▶ [ASSIGNMENT]: Pictures are not part of the copy; reproduce the remaining data exactly.

Records from a data collection
########

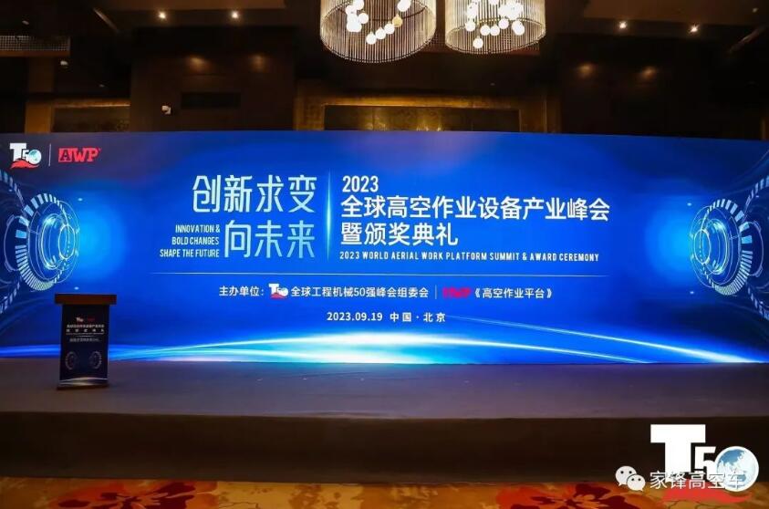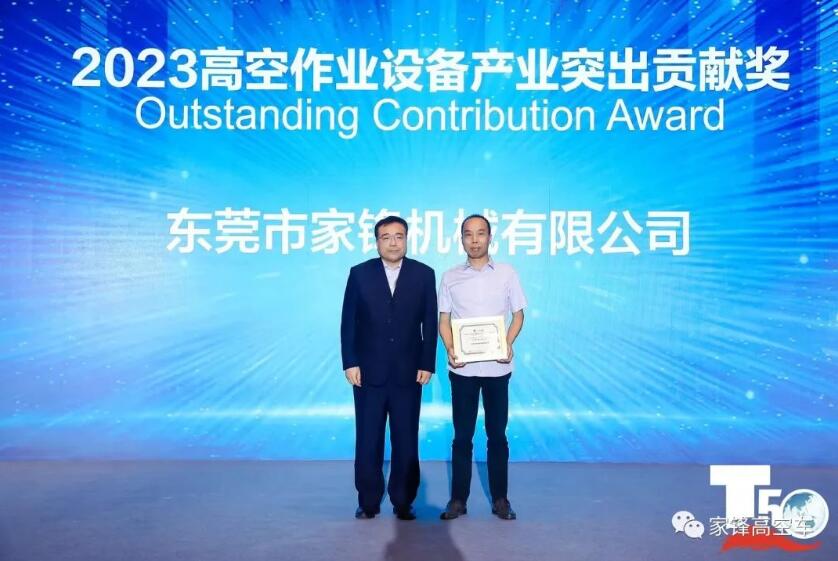 2023年9月19日,2023全球高空作業(yè)設備產業(yè)峰會暨頒獎典禮在北京成功舉辦。在這場全球盛會上,東莞家鋒憑借在國家的重大基礎設施和地標建筑項目中積極推廣高空作業(yè)設備,并為主流品牌高空作業(yè)機械產品的迭代創(chuàng)新做出貢獻,榮獲“2023高空作業(yè)設備產業(yè)突出貢獻獎”,董事長張惠清榮膺“2023租賃行業(yè)年度人物”。
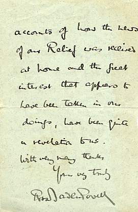 BADEN-POWELL, Sir Robert, 1st Baron (1857-1941). Founder of the Boy Scout movement. Autograph Letter Signed to Mrs Stewart in Edinburgh, 2 pages 8vo on a folded sheet with address and postal cancellations on the reverse (torn in the centre), 25 June 1900. Writing from Rustenburg, which Baden-Powell and his men had captured on 14 June, expressing astonishment at the way in which news of the relief of Mafeking (17 May) had been received at home. '... I can't tell you how welcome your budget of newspapers has been to all of us. We are much out of the way of news here, and the accounts of how the news of our Relief was received at home and the great interest that appears to have been taken in our doings, have been quite a revelation to us.'The address-panel is also franked by Baden-Powell: 'Free on service /R Baden-Powell /M.General' [No: 22518] The image links to a larger or more detailed version. |
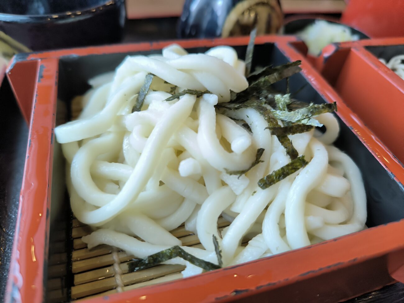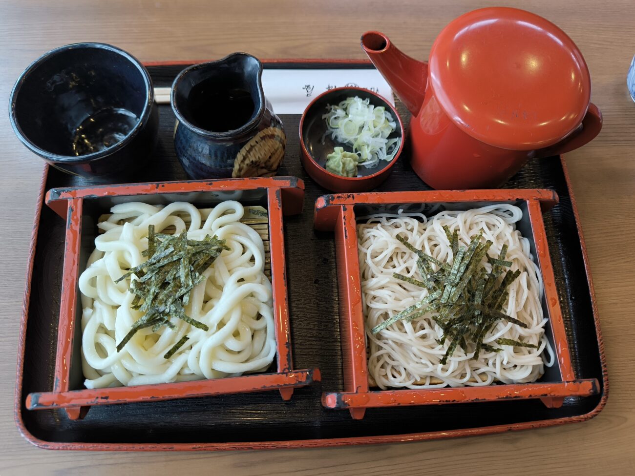 出てきたのは、冷たいうどんと冷たいそばのダブル攻撃セット。
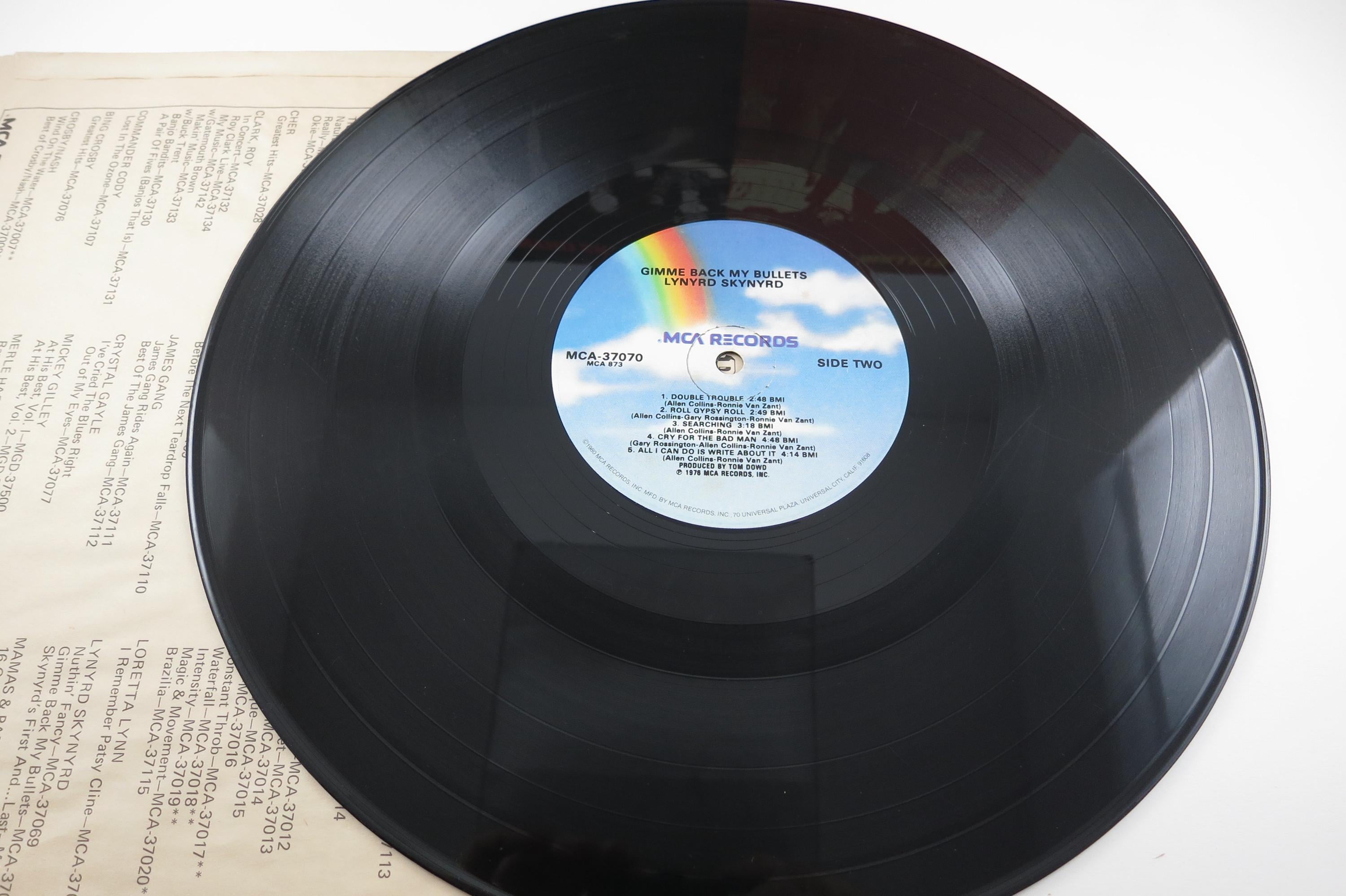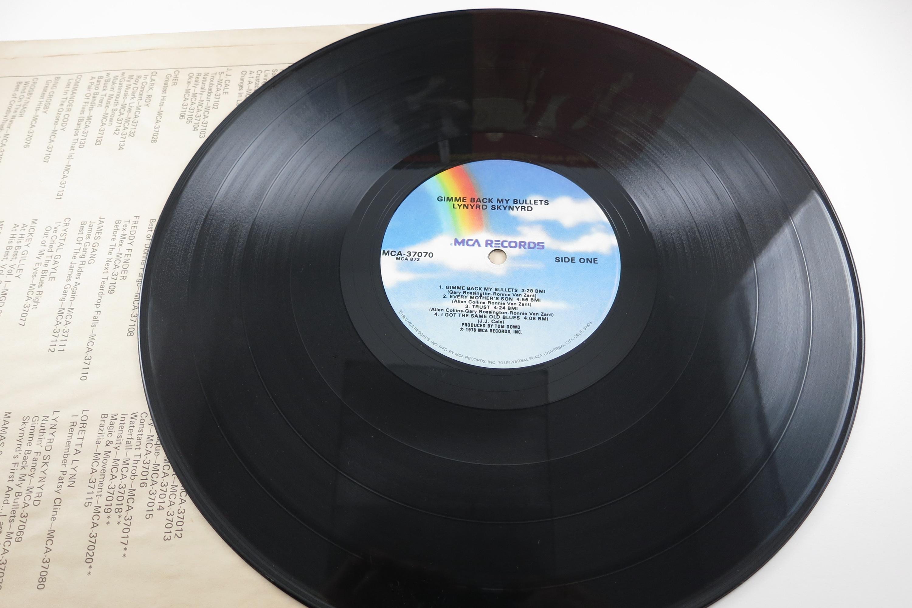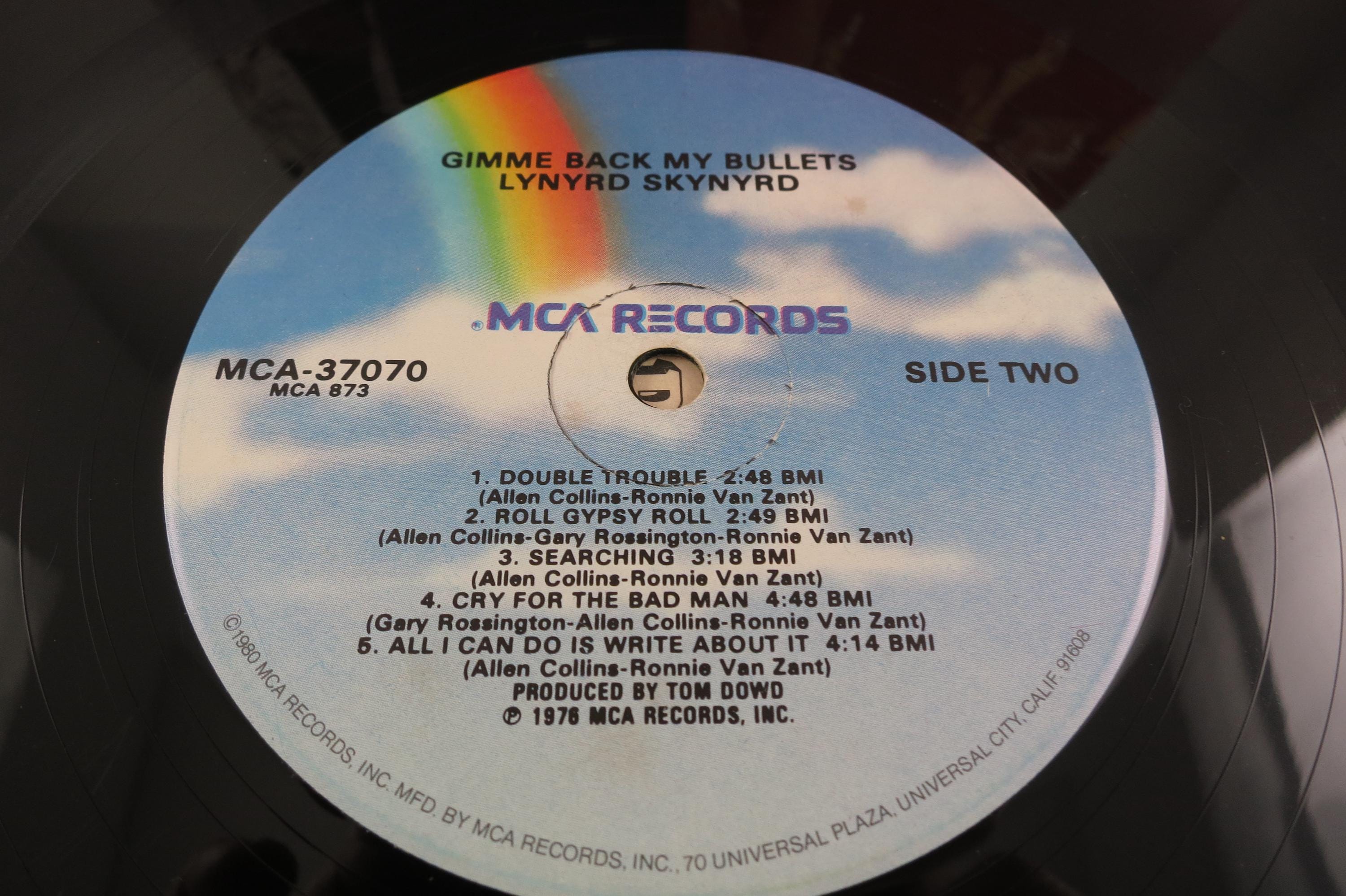 Vintage 1980 LP Record Lynyrd Skynyrd Gimme Back My Bullets Very Good Condition Original cover is in very good condition and includes the inner paper sleeve. Record is very good with light marks. Tracks are as follows
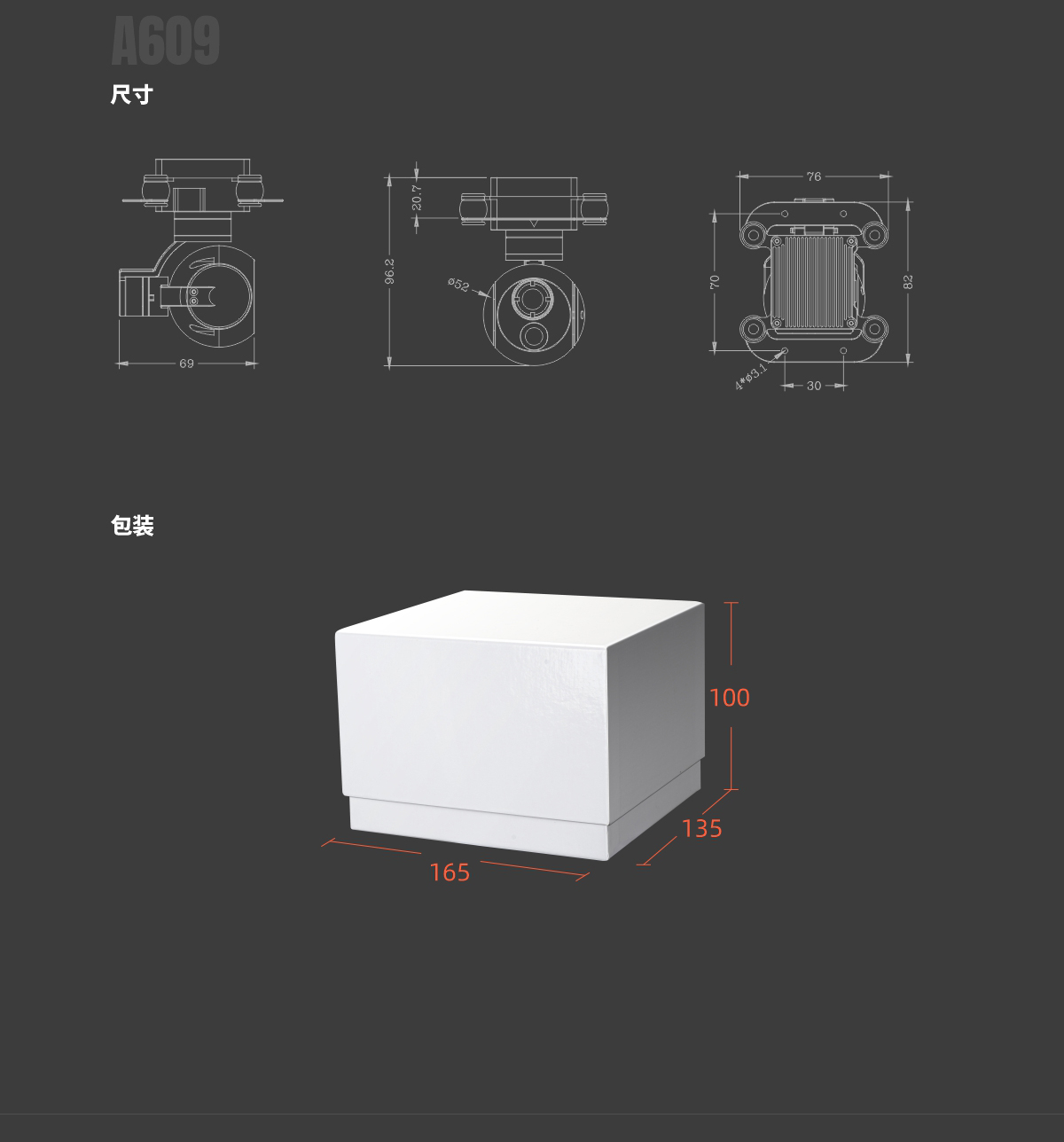 • A609 轻量级三轴微距定焦镜头EO/IR AI跟踪云台摄像头

########

▶ [OUTPUT OF THE EXERCISE]:
 2023年9月19日,2023全球高空作業(yè)設備產業(yè)峰會暨頒獎典禮在北京成功舉辦。在這場全球盛會上,東莞家鋒憑借在國家的重大基礎設施和地標建筑項目中積極推廣高空作業(yè)設備,并為主流品牌高空作業(yè)機械產品的迭代創(chuàng)新做出貢獻,榮獲“2023高空作業(yè)設備產業(yè)突出貢獻獎”,董事長張惠清榮膺“2023租賃行業(yè)年度人物”。
 BADEN-POWELL, Sir Robert, 1st Baron (1857-1941). Founder of the Boy Scout movement. Autograph Letter Signed to Mrs Stewart in Edinburgh, 2 pages 8vo on a folded sheet with address and postal cancellations on the reverse (torn in the centre), 25 June 1900. Writing from Rustenburg, which Baden-Powell and his men had captured on 14 June, expressing astonishment at the way in which news of the relief of Mafeking (17 May) had been received at home. '... I can't tell you how welcome your budget of newspapers has been to all of us. We are much out of the way of news here, and the accounts of how the news of our Relief was received at home and the great interest that appears to have been taken in our doings, have been quite a revelation to us.'The address-panel is also franked by Baden-Powell: 'Free on service /R Baden-Powell /M.General' [No: 22518] The image links to a larger or more detailed version. |
 出てきたのは、冷たいうどんと冷たいそばのダブル攻撃セット。
 Vintage 1980 LP Record Lynyrd Skynyrd Gimme Back My Bullets Very Good Condition Original cover is in very good condition and includes the inner paper sleeve. Record is very good with light marks. Tracks are as follows
 • A609 轻量级三轴微距定焦镜头EO/IR AI跟踪云台摄像头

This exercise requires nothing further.